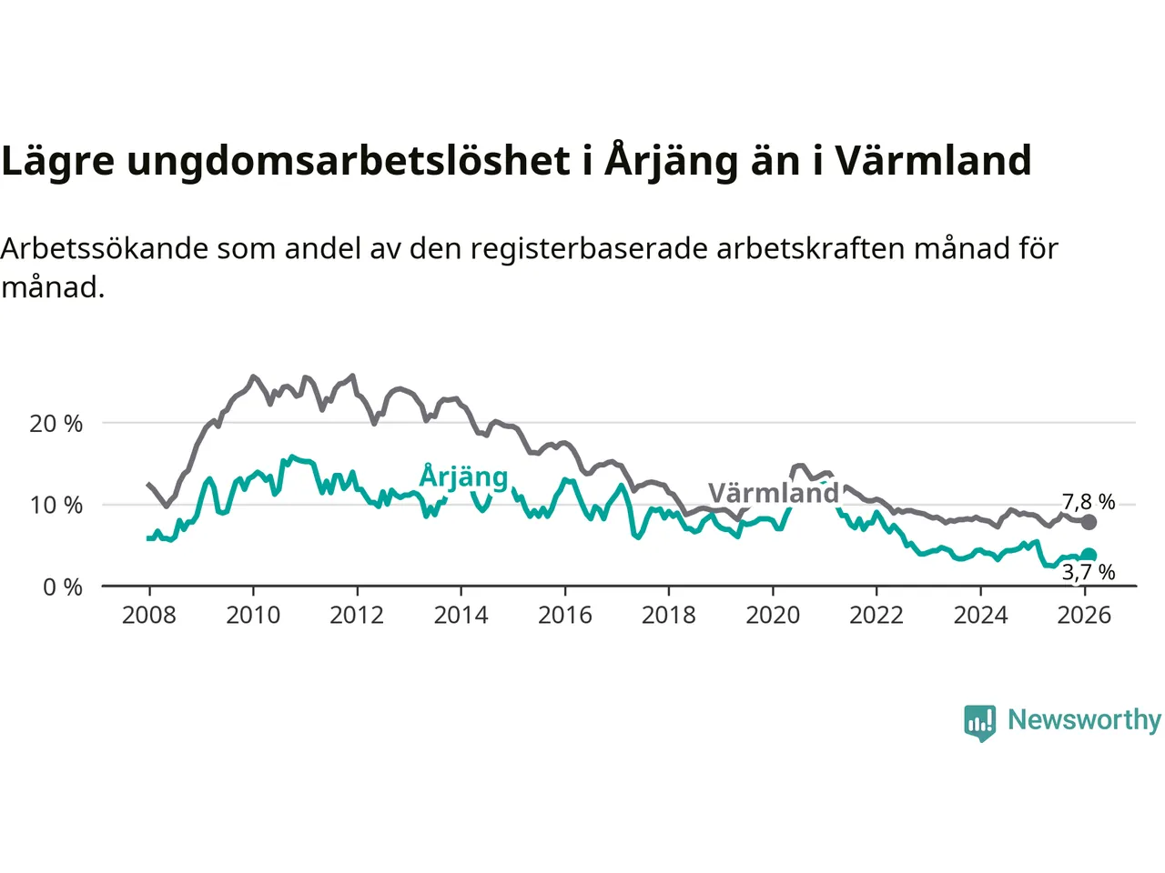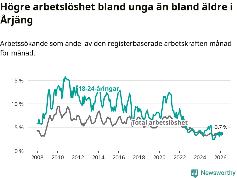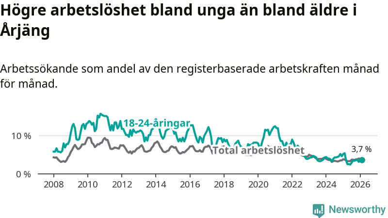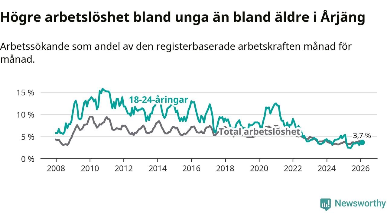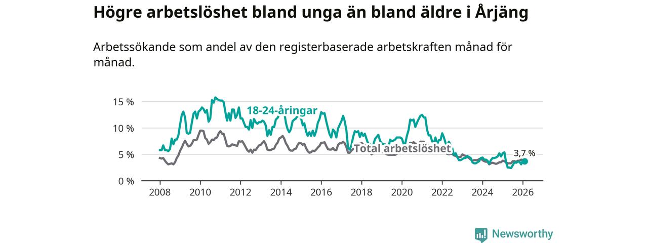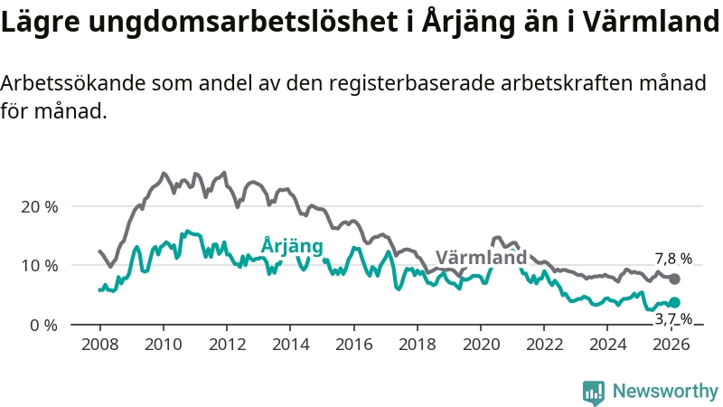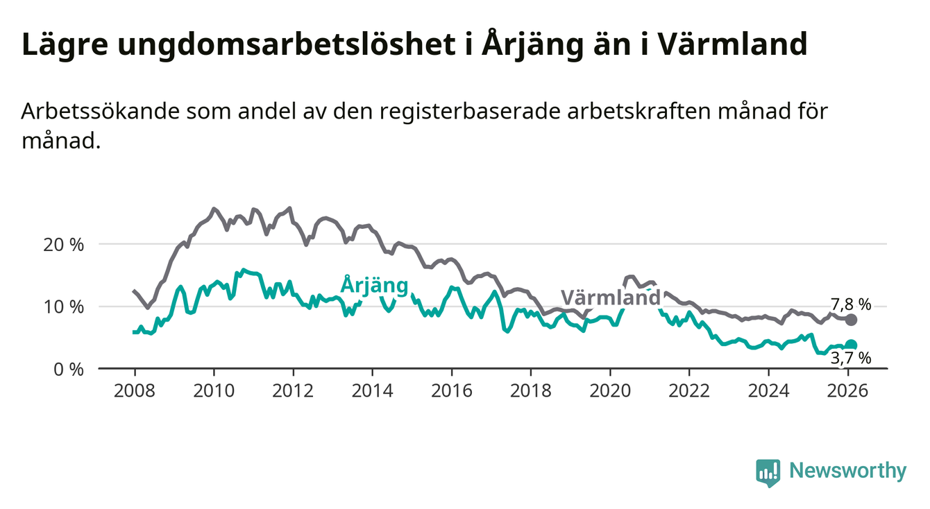I och med den senaste månadens nedgång har de ungas arbetslöshet i Årjäng sjunkit tolv månader i följd (ner från 5,4 procent i februari 2025 till 3,7 procent nu).
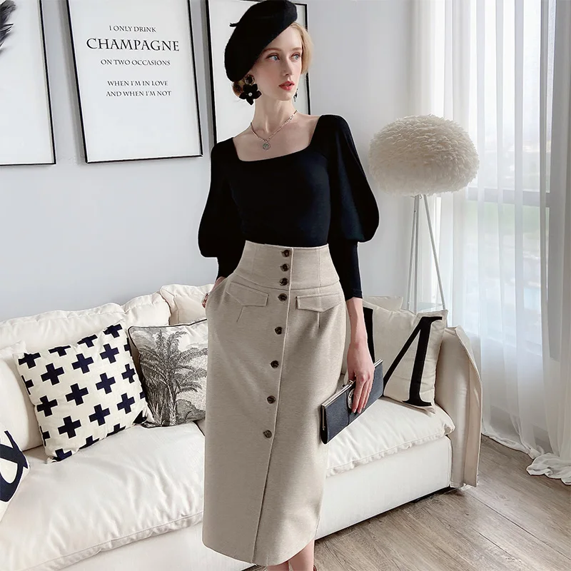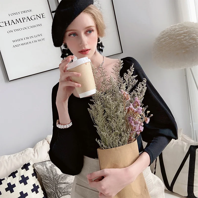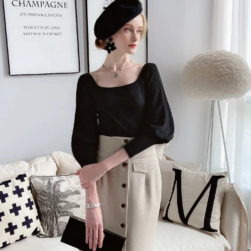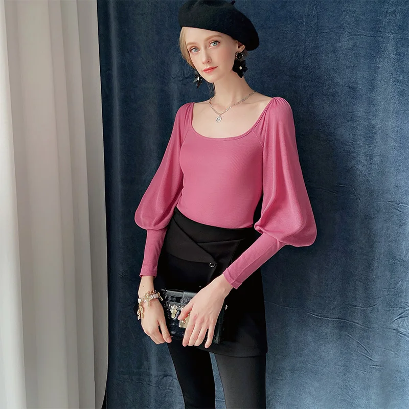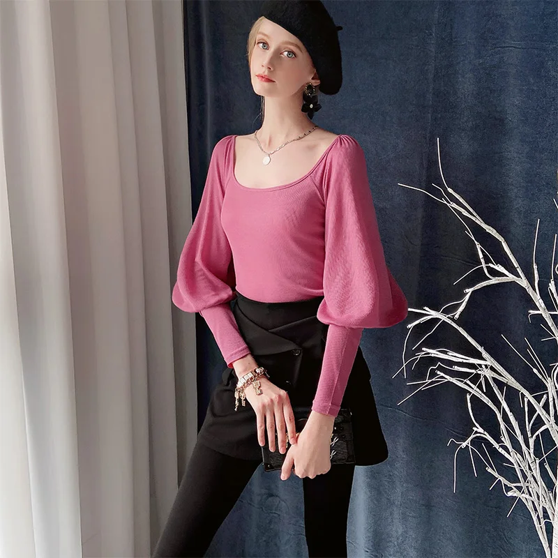 Футболки женские Dabuwawa, Осенние, сексуальные, однотонные, с рукавами-фонариками, квадратным вырезом, приталенные, повседневные, футболки, DT1CTS003
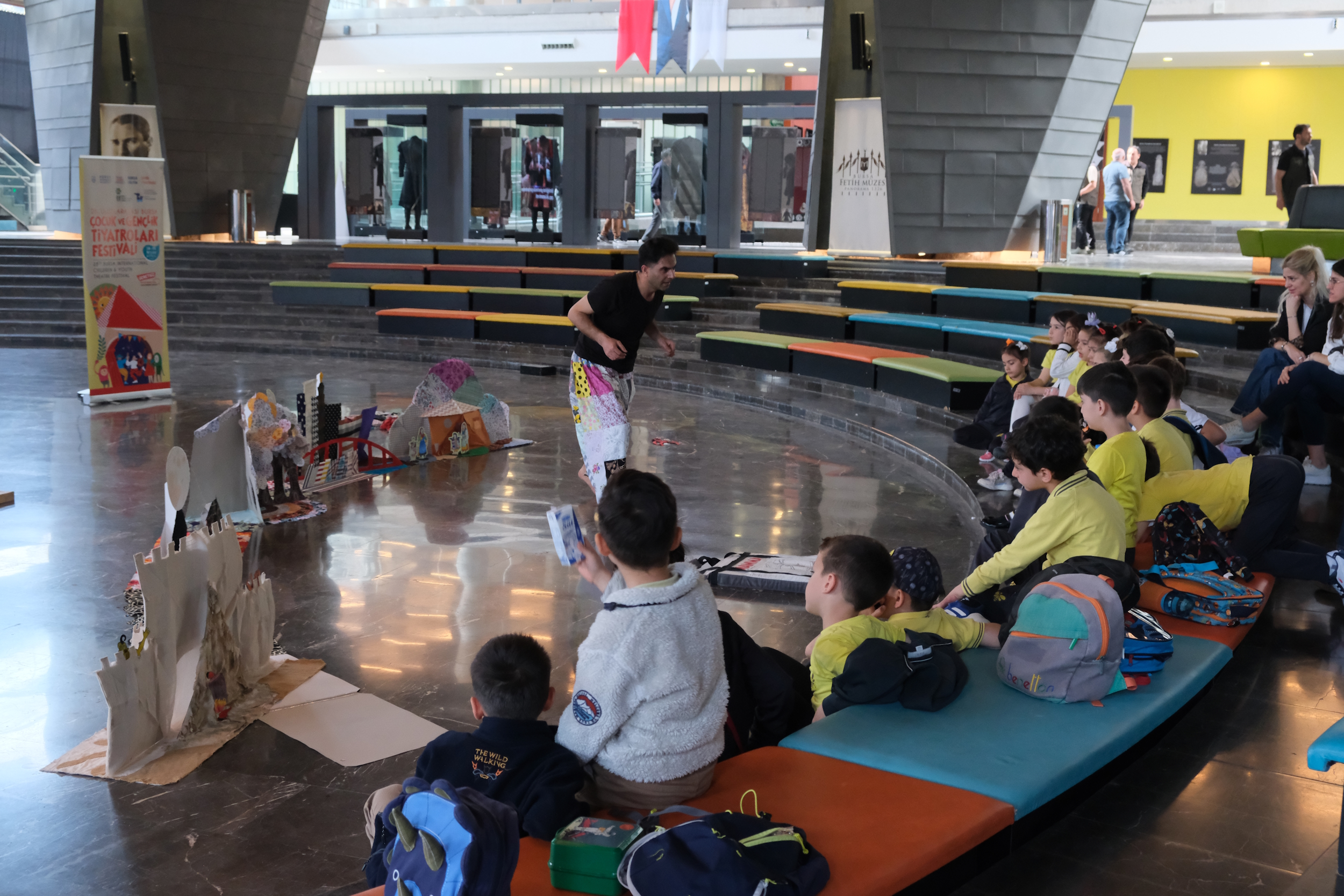 İran’dan festivale katılan Emrahim Shakeri Bağımsız Tiyatrosu’nun ‘Anne’ oyunu da Panorama 1326 Fetih Müzesi’nde minik izleyicilerle buluştu. Annesini kaçıran devlerle küçük kızın hikayesinin işlendiği tek kişilik oyunda, oyuncunun miniklerle iletişimi izleyenlere neşeli anlar yaşattı.
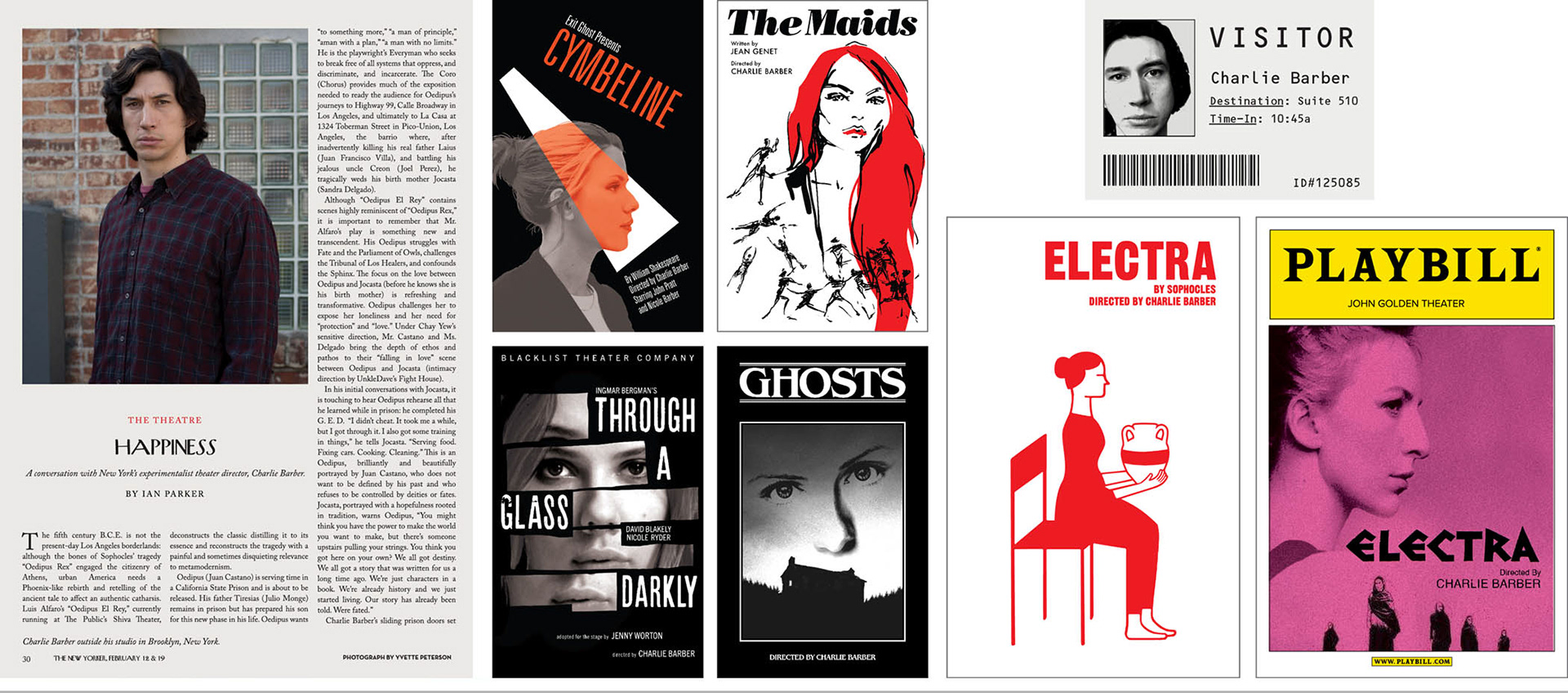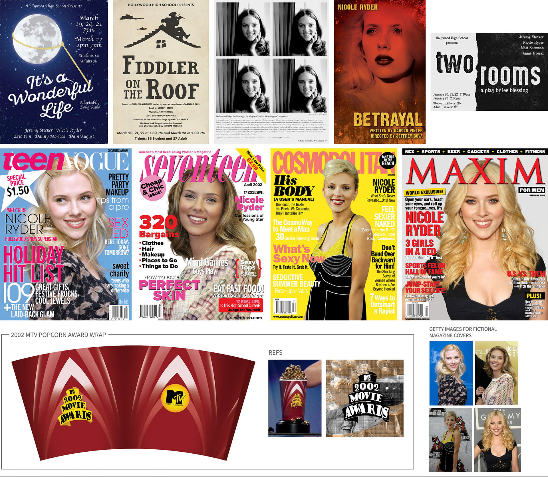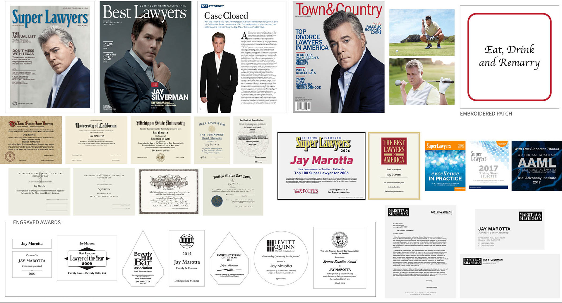 Jay's magazine covers, certificates, awards, and embroidered pillow design.

*WHAT IS NEEDED*: The required output is every line from the beginning of the material above through the line with "Футболки женские Dabuwawa, Осенние, сексуальные, однотонные, с", exact and without pictures.

*RESULT OF THE TASK*:
I och med den senaste månadens nedgång har de ungas arbetslöshet i Årjäng sjunkit tolv månader i följd (ner från 5,4 procent i februari 2025 till 3,7 procent nu).
 Футболки женские Dabuwawa, Осенние, сексуальные, однотонные, с рукавами-фонариками, квадратным вырезом, приталенные, повседневные, футболки, DT1CTS003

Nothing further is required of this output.